§ EXERCISE INSTRUCTIONS:
Look below for the line that has "Рассматривать интерьер заведения". Set down the lines from there through the line that has "320GB回転数 5400rpmキャッシュ 8MBインターフ...", exactly as written.

***** RECORDS FOR THE EXERCISE

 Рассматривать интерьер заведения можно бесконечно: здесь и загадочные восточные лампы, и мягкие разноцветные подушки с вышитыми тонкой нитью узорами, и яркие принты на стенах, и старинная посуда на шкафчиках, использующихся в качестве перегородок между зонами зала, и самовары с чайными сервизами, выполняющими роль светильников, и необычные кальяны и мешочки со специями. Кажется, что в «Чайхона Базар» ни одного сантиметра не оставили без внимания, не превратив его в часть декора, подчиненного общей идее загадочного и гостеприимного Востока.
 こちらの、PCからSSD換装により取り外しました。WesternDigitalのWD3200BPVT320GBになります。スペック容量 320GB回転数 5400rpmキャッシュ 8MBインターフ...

**********
***** RECORDS FOR THE EXERCISE

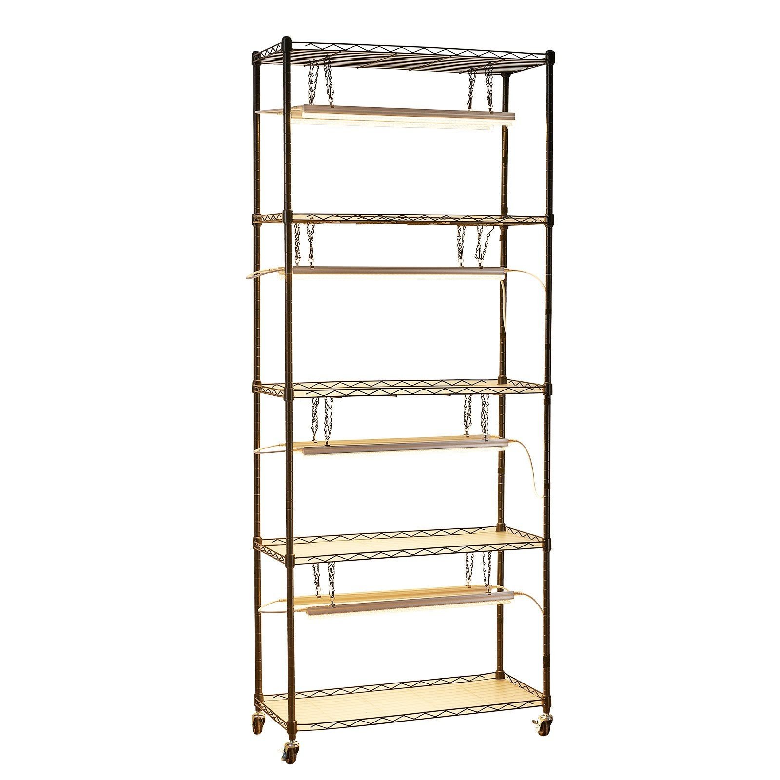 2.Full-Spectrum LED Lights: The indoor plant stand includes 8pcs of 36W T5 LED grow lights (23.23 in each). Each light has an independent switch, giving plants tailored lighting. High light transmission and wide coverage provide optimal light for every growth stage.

**********
***** RECORDS FOR THE EXERCISE

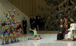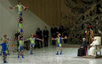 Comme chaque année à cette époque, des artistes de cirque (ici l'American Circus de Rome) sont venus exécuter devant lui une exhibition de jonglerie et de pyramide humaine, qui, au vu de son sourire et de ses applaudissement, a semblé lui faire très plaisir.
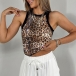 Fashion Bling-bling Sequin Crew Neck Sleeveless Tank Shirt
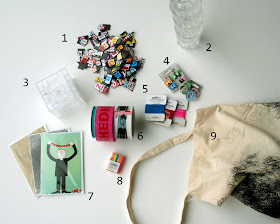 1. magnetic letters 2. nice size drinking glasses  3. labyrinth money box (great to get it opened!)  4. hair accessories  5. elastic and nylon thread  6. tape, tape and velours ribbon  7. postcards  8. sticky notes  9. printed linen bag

**********

§ SOLUTION TO THE PROBLEM:
 Рассматривать интерьер заведения можно бесконечно: здесь и загадочные восточные лампы, и мягкие разноцветные подушки с вышитыми тонкой нитью узорами, и яркие принты на стенах, и старинная посуда на шкафчиках, использующихся в качестве перегородок между зонами зала, и самовары с чайными сервизами, выполняющими роль светильников, и необычные кальяны и мешочки со специями. Кажется, что в «Чайхона Базар» ни одного сантиметра не оставили без внимания, не превратив его в часть декора, подчиненного общей идее загадочного и гостеприимного Востока.
 こちらの、PCからSSD換装により取り外しました。WesternDigitalのWD3200BPVT320GBになります。スペック容量 320GB回転数 5400rpmキャッシュ 8MBインターフ...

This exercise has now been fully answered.